Boete voor schending relatiebeding gematigd van € 57.500 naar € 25.000

10-05-2017 Print this page
IEPT20170131, Hof Amsterdam, Infacy

Geen schending geheimhoudingsbeding: betreffende ondernemingsraden waar appellant ging werken beschikten al over gewraakte materiaal en met dit materiaal werken wordt al aangemerkt als schending relatiebeding. Relatiebeding 23 maal geschonden, in beginsel 23x € 2.500 (€ 57.500) verschuldigd.
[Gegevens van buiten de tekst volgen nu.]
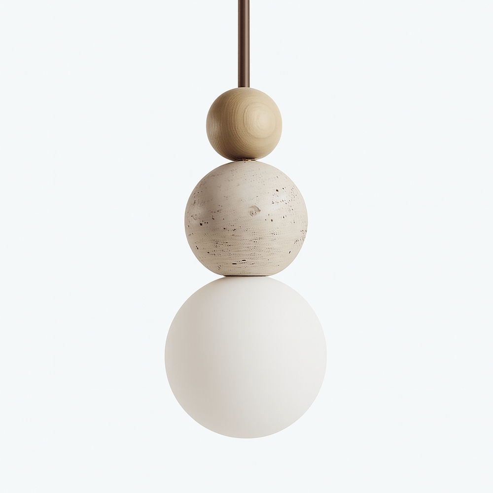 Rile pendant light features a sculptural design with stacked travertine, wood, and metal elements, supporting a frosted glass diffuser. This light fixture offers soft, ambient lighting, perfect for dining areas, kitchen islands, and modern living spaces. Its organic textures and geometric balance enhance contemporary and minimalist interiors.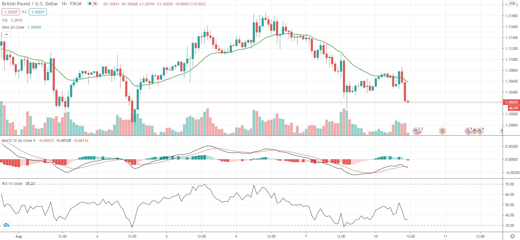 As of 11:15 GMT on Monday GBP/USD was edging down 0.17% to trade at 1.3026, while moving within a daily range of 1.3019-1.3087. The major pair advanced 5.52% in July, while marking a second straight month of gains and its best monthly performance since May 2009. The pair lost 0.22% during the first week of August.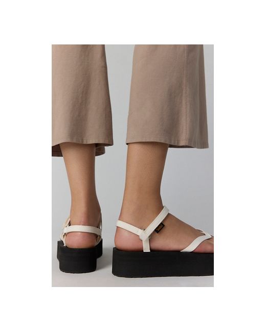 A sleeker version of the original sport sandals, featuring water-friendly strappy thong uppers, a comfortable footbed, and grippy rubber flatform soles for free roaming. **Features:** Water-friendly, velcro ankle strap; logo tab, thong uppers, cushy footbed, rubber flatform soles **Why We ❤ It:** A summer staple you will reach for year after year. Teva Flatform Slim Sandals at Free People in Coconut Milk/Black, Size: US 6

Boete gematigd naar €  25.000: arbeidsovereenkomst zonder ontslagvergoeding beëindigd en aannemelijk dat appellant eerder met verboden werkzaamheden was gestopt als hij eerder was gesommeerd.

 

ONRECHTMATIGE CONCURRENTIE

 

Hoger beroep tegen een vonnis van de kantonrechter in de rechtbank Amsterdam, die oordeelde dat appellant het tussen hem en Infácy overeengekomen relatiebeding en geheimhoudingsbeding heeft geschonden en een boete van €  62.000 werd toegewezen. Het vonnis wordt vernietigd.

 

In principaal appel heeft [appellant] geen grief gericht tegen de overweging van de kantonrechter dat hij voor de Ondernemingsraden van [D], [X], [F], Kunst Meander en [H] heeft gewerkt, en dat ieder van deze ondernemingsraden onder het relatiebeding vielen. Volgens het hof is geen sprake van schending van het geheimhoudingsbeding. De desbetreffende ondernemingsraden waar appellant ging werken beschikten al over het gewraakte materiaal, waardoor geen sprake is van schending van het geheimhoudingsbeding. Hierbij wordt in bijzonder meegewogen dat het gebruik maken van dit door de ondernemingsraden aan appellant ter beschikking gestelde materiaal al als schending van het relatiebeding wordt aangemerkt. Het hof oordeelt dat appellant op 23 dagen het relatiebeding heeft geschonden en daarmee in beginsel 23 maal €  2.500 aan boetes verschuldigd is.

 

Het beroep op matiging van de boete wordt toegewezen. Het is aannemelijk dat Infácy schade heeft geleden, maar de gederfde omzet van € 55.144,01 betekent niet dat de schade ook deze omzet heeft, nu er ook kosten achterwege zijn gebleven. Verder wordt onder meer van belang geacht dat de arbeidsovereenkomst met appellant zonder ontslagvergoeding is beëindigd en dat aannemelijk is dat appellant eerder met de verboden werkzaamheden was gestopt als hij eerder was gesommeerd. De boete wordt daarom gematigd naar €  25.000.